The images were used for the first poster of Bob Marley, T-shirts and the album cover of Catch a Fire.
Ms Anderson remembers taking the iconic picture of Bob smoking a spliff that is still used to sell his image.
"That picture was taken on a beautiful morning. I made him take his shirt off because I loved the colour of his skin. The sunlight hitting on his body reflecting back on my lens. I used Kodak Ektachrome which gives that lovely golden light.
By March, 1973 Esther had left Jamaica to accompany and help manage The Wailers' tours of the UK and the US. She left the film and the video tapes with Island Records for safe keeping while she toured with The Wailers in the UK and US. She says that by the time she returned, the films had "disappeared".
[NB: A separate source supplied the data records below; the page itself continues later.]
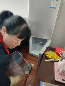 如本周一早晨,科室領(lǐng)導(dǎo)辦公室的冰箱要求去污除霜,保潔員芮秀鳳二話沒(méi)說(shuō),就放下手中的工作,幫助甲方領(lǐng)導(dǎo)完成除霜任務(wù)。為了保證安全,她先將電源切斷,才進(jìn)行整體的污漬處理,他對(duì)冰箱一層層清理擦抹,再處理污水,毫無(wú)怨言,直到把整個(gè)冰箱都清理干凈。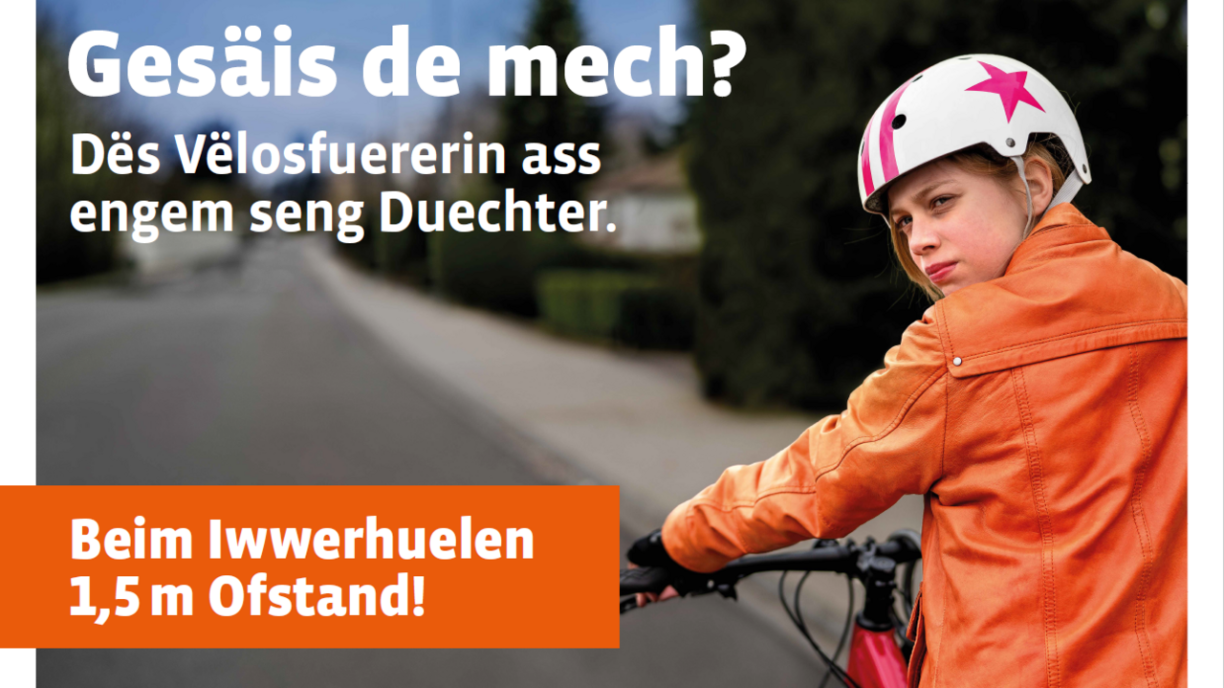 D’Vëlofueren ass an de leschte Joren ëmmer méi beléift ginn, sief et an der Fräizäit oder och als Verkéiersmëttel. Mä d’Zuel vun den Accidenter an déi Cycliste verwéckelt sinn, klëmmt och, zejoert goufen et 27 Schwéierverletzter an een Doudegen. Fir den Cyclisten eng awer eng gewësse Sécherheet kënnen ze garantéieren, huet den Transportministere zesumme mat der Sécurité routière an der Police elo eng nei Sensibiliséierungscampagne lancéiert. Dës dréit de Numm “Gesäis de mech? Beim Iwwerhuelen 1,5m Ofstand.” Se soll drun erënneren, datt Autoe beim Iwwerhuelen op d’mannst annerhallwe Meter Distanz zum Vëlo hale sollen.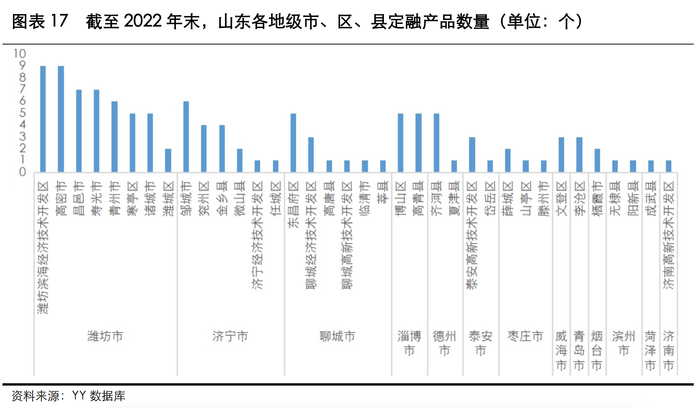 据天风证券统计,2021年以来山东省共计发行161款定融产品,位居全国第一。其中,潍坊、济宁、聊城、淄博、德州位列前五。而YY评级统计的定融数据库中,截至2022年10月末,264个定融产品中,122个是由山东区域内的国有企业发行,且大部分为债务压力大的地级市区县城投主体,包括潍坊、济宁、淄博等下辖区县。

The recordings were lost until 2000, when a British documentary maker turned up at her door.
Jeremy Marre had come to interview her for his own documentary, Rebel Music. It was then she realised that among the archive material he had were tapes that actually belonged to her.
Reunited with her footage, Ms Anderson is now, after 38 years, presenting her film, Bob Marley - The Making of a Legend.
Bob Marley died 30 years ago, although his music is bigger than when he was alive. As she finishes off the last-minute editing, Ms Anderson says she regrets his untimely passing despite his "prodigious legacy of work".
And what does she think he would be doing were he still here? "He would have continued to have been writing great songs, probably breaking a lot of women's hearts and having many babies, just the same as Charlie Chaplin," she laughs.
Esther Anderson and Gian Godoy present a look at their film in progress, Bob Marley: The Making of a Legend on Saturday, 19 March at the British Film Institute in London as part of the African Odysseys programme.